Uber launches subscription service priced at $14.99 a month
Paying a monthly subscription to Uber, for a service called Ride-Pass, could save on average 15 per cent as it prevents surging prices caused by traffic, weather and popularity.
Uber has introduced a monthly subscription service to its users.
In Denver, Austin, Orlando and Miami the service will cost $14.99 a month. To use the service in Los Angeles it will cost $24.99 a month, however, this charge is expected to include e-bikes and scooters too.
The service, called ‘Ride-Pass’, is estimated to save individuals up to 15 per cent on their overall monthly travel, as it prevents the surge in prices during peak times. According to The Verge, passengers can track their savings via the Uber app.
There is no limit to the number of rides passengers can take each month as part of their subscription, and it can be cancelled at any time. The user will not be refunded if they cancel part-way through a month. The subscription auto-renews, so remembering to repurchase the pass every month is not necessary.

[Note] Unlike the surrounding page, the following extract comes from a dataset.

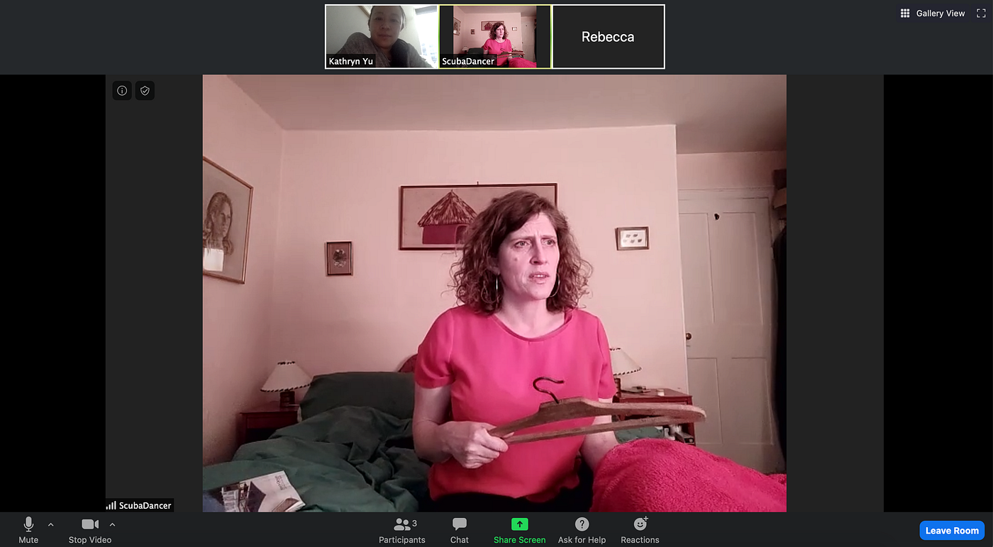 I was also impressed by the performers’ ability to cue the end of each conversation by disabling their webcams and playing thematically appropriate music; the strangeness of abruptly ending a video conference call was greatly changed by their “cut to black” punctuation of the scene before the moderator moves the participant(s) back into the communal Zoom lobby. By really probing what it means to have the viewer act as a “camera,” Long Distance Affair injects some much needed life into Zoom.

Dan Bilen, Product Manager at Uber, said: “We’re really keen to make sure this is priced to the point where people can buy the pass [and] not have to think too much about it. The vision for Ride-Pass is it makes Uber a budgeted line-item for riders.”
The Business Insider claimed that “an Uber representative said driver compensation won’t be affected by the service, as drivers will earn the same rate they would driving a passenger who does not subscribe to Ride-Pass”.
Similar to Uber’s new scheme, Lyft launched a service called the All-Access Plan in October 2018. This service will cost $299 a month and allows users 30 rides within that time. Moreover, the service only covers journeys that cost up to $15 each, if a ride costs more than $15, the passenger must pay the difference.
Manik Gupta, Head of Product at Uber, said: “There are various different mechanisms with respect to how we think about the economics of this. This is a unique structure that really meets the needs of our customers. That’s our focus right now. Over time, as we have more riders using our platform, all the rest will follow.”